The Compass Cast and MAP disposable pressure transducer system with integrated digital display and wireless transmission capability is intended for direct measurement and monitoring of physiologic pressure, including during the infusion of fluids and therapeutic and diagnostic agents.

The Compass CT and Compass CT Port are disposable, point-of-use pressure measurement and monitoring devices that incorporate a pressure transducer and an integrated pre-programmed diagnostic computer with liquid crystal display (LCD). The devices have a distal male luer fitting to connect to a needle or catheter, and a proximal female luer fitting that can be connected to accessory devices (e.g. syringes, caps, or infusion tubing). The devices measure the pressure via an embedded pressure sensor, internally convert changes in pressure into electrical currents, and then display the resulting pressure via the integrated LCD. The Compass CT Port has an additional, sealed proximal port through which commercially available guidewires can be inserted during pressure measurement.

The Compass CT Port device is being modified to add wireless Bluetooth capability to the point-of-use Compass Cast device, in order to allow for optional display of acquired pressure data and information to a separate display monitor. The modified product will consist of two components that are packaged separately, the compass Cast (Subject Device) and MAP (Monitor Accessory Plug - Accessory).

The Compass Cast (Subject Device) is a single-use, sterile pressure transducer that is physically identical to the predicate device Compass CT Port (510(k) K133624) with the exception of a slight modification to the main CT Port circuit board to accommodate the secondary Bluetooth radio board. All components and functionality of the main circuit board remain identical.

The MAP (Accessory) is a non-sterile, reusable monitor accessory plug that receives a digital pressure signal from the Compass Cast and converts the digital pressure signal to an analog output that is identical to the analog output of a traditional wired pressure transducer. There are two versions of the MAP device:

1. Wireless Pressure Receiver - GE Monitor (CWMG001-5)
2. Wireless Pressure Receiver Philips Monitor (CWMP001-5)

The provided text describes information about the submission of the "Compass Cast and MAP System" for FDA clearance.
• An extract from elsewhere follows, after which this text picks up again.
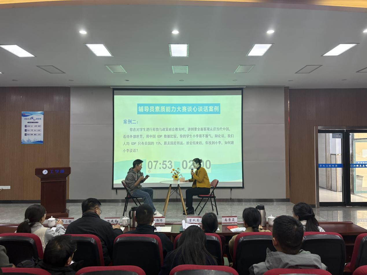 11月14日下午,谈心谈话环节顺利开展。现场学生真实模拟了思想困惑、学业压力、生活难题等成长过程中的常见问题。参赛辅导员结合学生特点,遵循育人规律,通过耐心倾听、真诚沟通和科学引导,有效化解学生困惑,展现“用心育人、以爱执教”的工作理念,搭建起师生心灵沟通的桥梁。

However, it does not contain explicit acceptance criteria and device performance data in a tabular format, nor does it detail a study that proves the device meets specific performance criteria related to its core function of physiological pressure measurement beyond stating adherence to existing standards.

The document focuses heavily on demonstrating substantial equivalence to a predicate device (Compass CT Port) by highlighting the technological characteristics and the modifications made (addition of Bluetooth capability and a reusable Monitor Accessory Plug - MAP). Performance data mentioned primarily concerns safety aspects due to these modifications, such as sterility, EO residuals, and electromagnetic compatibility.

Therefore, many of the requested items cannot be fully answered from the provided text.

Based on the available information:

1. A table of acceptance criteria and the reported device performance

The document does not explicitly state a table of new acceptance criteria established for the Compass Cast and MAP system itself in terms of pressure measurement performance. Instead, it states that the device's fundamental pressure accuracy and functional performance are "identical" to the predicate device and "Meet or exceed ANSI/AAMI BP22:1994(R)2006".

The only "acceptance criteria" and "reported performance" directly stated are for safety and compatibility tests related to the new wireless functionality and sterilization.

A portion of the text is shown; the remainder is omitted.